Since obtaining personal healthcare information is an essential part of running a health plan, HIPAA applies in many situations that plan administrators face. Transmission of personal health data is necessary because health plans work with billing for procedures, claims, and enrollments among patients. Although HIPAA specifies the protective measures that an individual transmitting personal health data must follow, including consent for use or disclosure of information, HIPAA does not require authorization for transfers that pertain to payment, claims, eligibility for a health plan, or enrollment in a health plan. Due to this leniency, many states have enacted stricter privacy laws.
Creating stringent privacy laws is an effective method for legislators to protect their consumers, as state law trumps HIPAA when the state law is stricter. However, in order to meet the “more stringent” criterion, the law must relate to protection of “individually identifiable health information.” A law “”relates to the privacy of individually identifiable health information’ when “the state law has the specific purpose of protecting the privacy of health information or affects the privacy of health information in a direct, clear and substantial way.”‘ Conflicts typically arise as states often prohibit the use or sharing of health information in situations where HIPAA allows the release of this data. Furthermore, states often increase the privacy rights of an individual in relation to private health information. As such, health plan administrators must be aware of both federal and state privacy regulations.

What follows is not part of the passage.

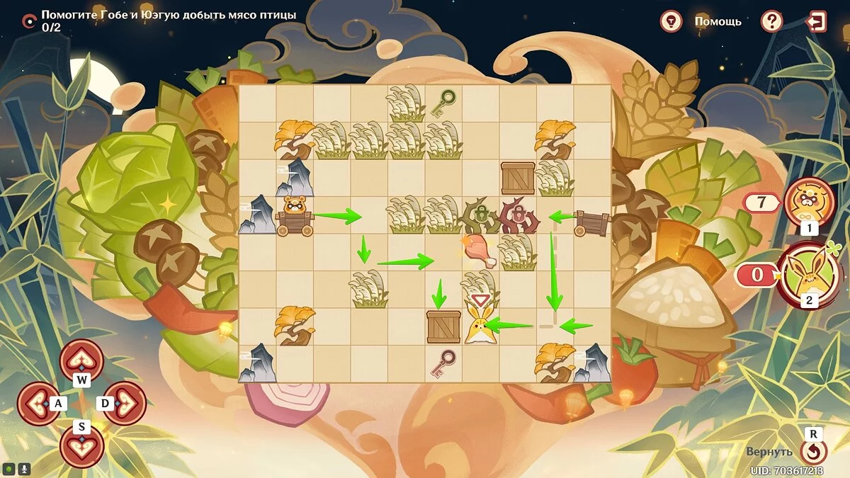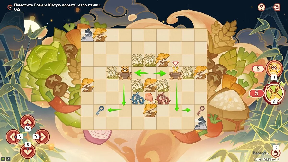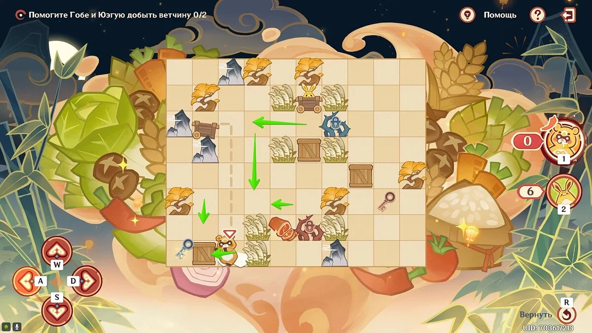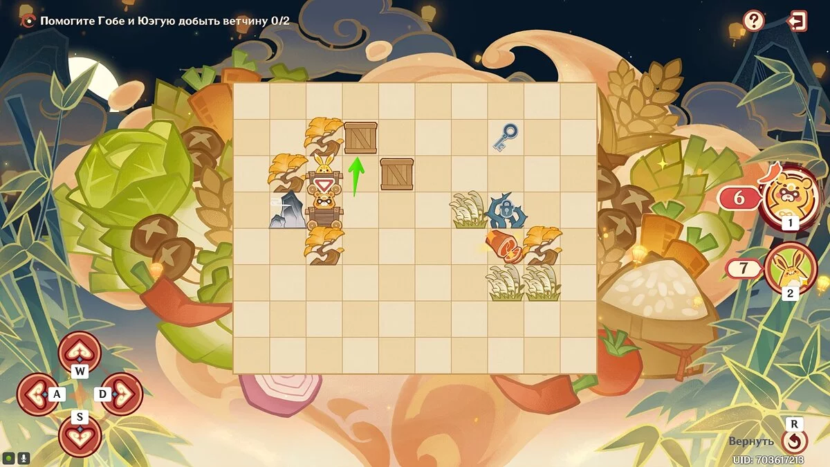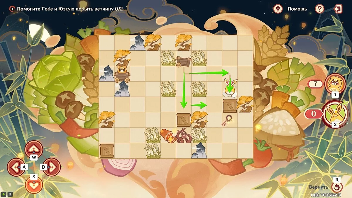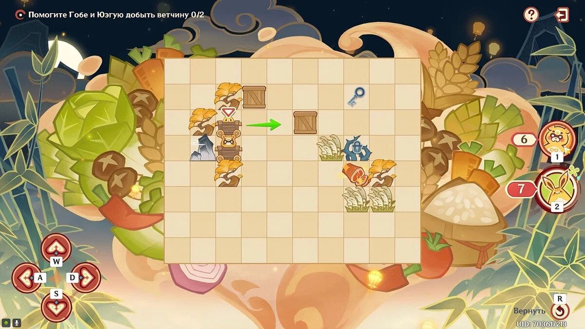 В следующем испытании для доступа к ингредиенту понадобится разблокировать проход при помощи ключа. Помните, что вы можете возвращаться обратно по той же траектории, по которой пришли. Это позволит восстановить количество потраченных ходов.

The computerization of medical records and the increased reliance upon computers, telecommunications, and other technologies has caused patients, health care providers, and many other participants in the provision of health care to focus on patient privacy and medical record confidentiality. A question arises as to whether the new technologies increase or decrease the exposure to misuse or disclosure of information that many consider to be their most – or one of their most – important secrets. The debate will continue as society adapts to these new modes of processing information and people better understand the capabilities (good or bad) of the technology. Currently, professional organizations and private interest groups are lobbying for the enactment of laws that address this concern.